Oregon DOT Plays its Trump Card to Remove Portland Bike Lanes

A bike advocate tells the story of the how the state department of transportation convinced local officials to remove a popular bike lane in Portland.

2 minute read

January 12, 2016, 9:00 AM PST

By James Brasuell @CasualBrasuell

SE 26th Ave Portland

SE 26th Ave, Portland / Google Streetview

"Two of southeast Portland’s most-ridden bike lanes are slated to be removed at the insistence of the state of Oregon," reports Michael Andersen.

According to Andersen, the "[bike lanes on each side of Southeast 26th Avenue near Powell draw something like 600 to 800 people per day (even in winter) and run in front of Cleveland High School. They will be paved over sometime in the coming months and not replaced." The decision comes from the Oregon Department of Transportation (ODOT), which announced the project last week.
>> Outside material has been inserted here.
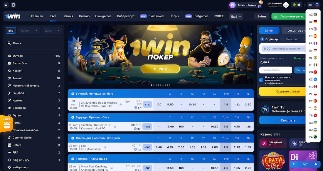 1 win – популярная букмекерская контора, которая работает с 2016 года. На сайте можно сделать ставки на спорт, играть в слоты в разделе «Казино», участвовать в турнирах и получать бонусы. Чтобы были доступны все услуги заведения, нужно обязательно зарегистрироваться и пройти верификацию.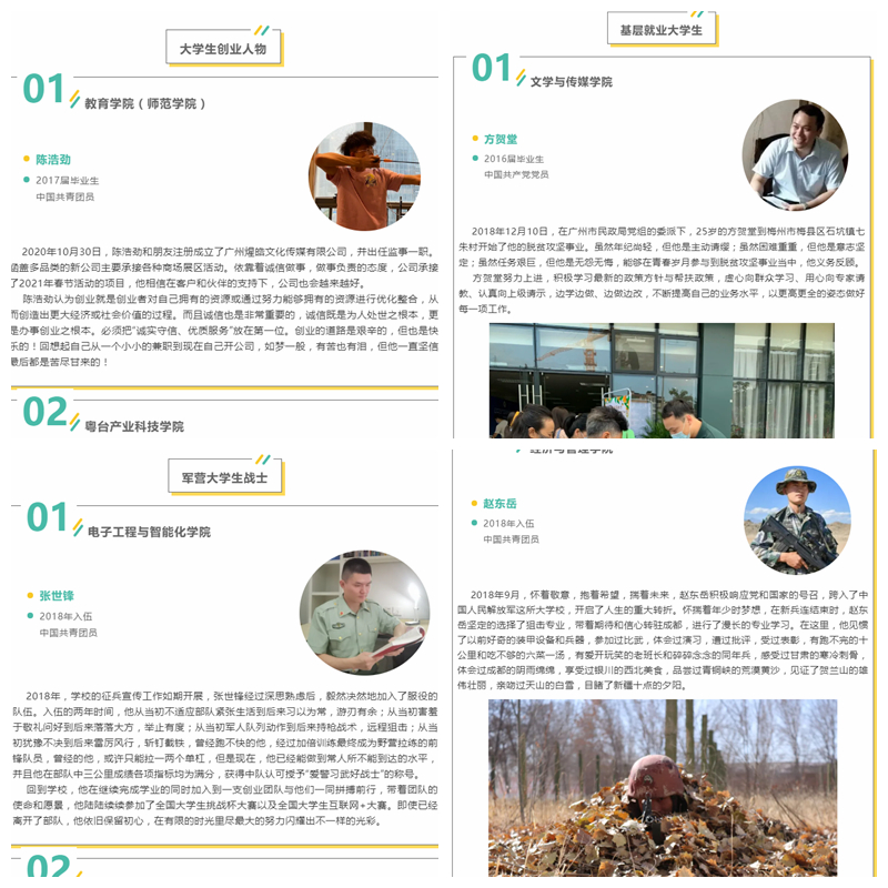 学校坚持立德树人根本任务,深入推进“三全育人”综合改革,注重培育学生家国情怀的就业观。下发了《45612藏宝阁资料应届毕业生到国家(地方)基层项目就业奖励办法(试行)的通知》,深入挖掘基层就业大学生、大学生创业人物、军营大学生战士人物典型事迹,广泛宣传报道,引导学生到基层就业。通过思政课程、课程思政和日常思想政治教育工作,鼓励学生树立远大理想。将就业工作融入教育教学工作方方面面,健全协同育人机制,不断提高就业育人工作质量和实效。加强就业实践教育,引领学生将“小我”融入“大我”。组织在校生成立援藏支教志愿服务队,组织毕业生到基层和粤港澳大湾区重点企业实习锻炼,通过实地走访交流,让毕业生深刻理解什么是国家需要和时代召唤,自觉把民族复兴重任记在心间、扛在肩上。

The city of Portland, however, had to accept the decision of the state to remove the lane, despite disagreement over the potential safety impacts. The ODOT believes that removing the bike lane will improve safety at the intersection of SE Powell at SE 26th by reducing the number of bicycles on the street. Many bike riders, according to an ODOT spokesperson, will switch to 28th Avenue instead "when a new traffic signal and neighborhood greenway are installed there in the coming months."

Andersen clearly opposes the removals, providing several examples of evidence and policy maxims that contradict the claims made by the ODOT. By providing a lot more information on this specific example and the other projects and events that led to the decision to pave over the lanes, Andersen also provides an unfortunate case study of a city and a state failing to resolve differences in their approaches to streets.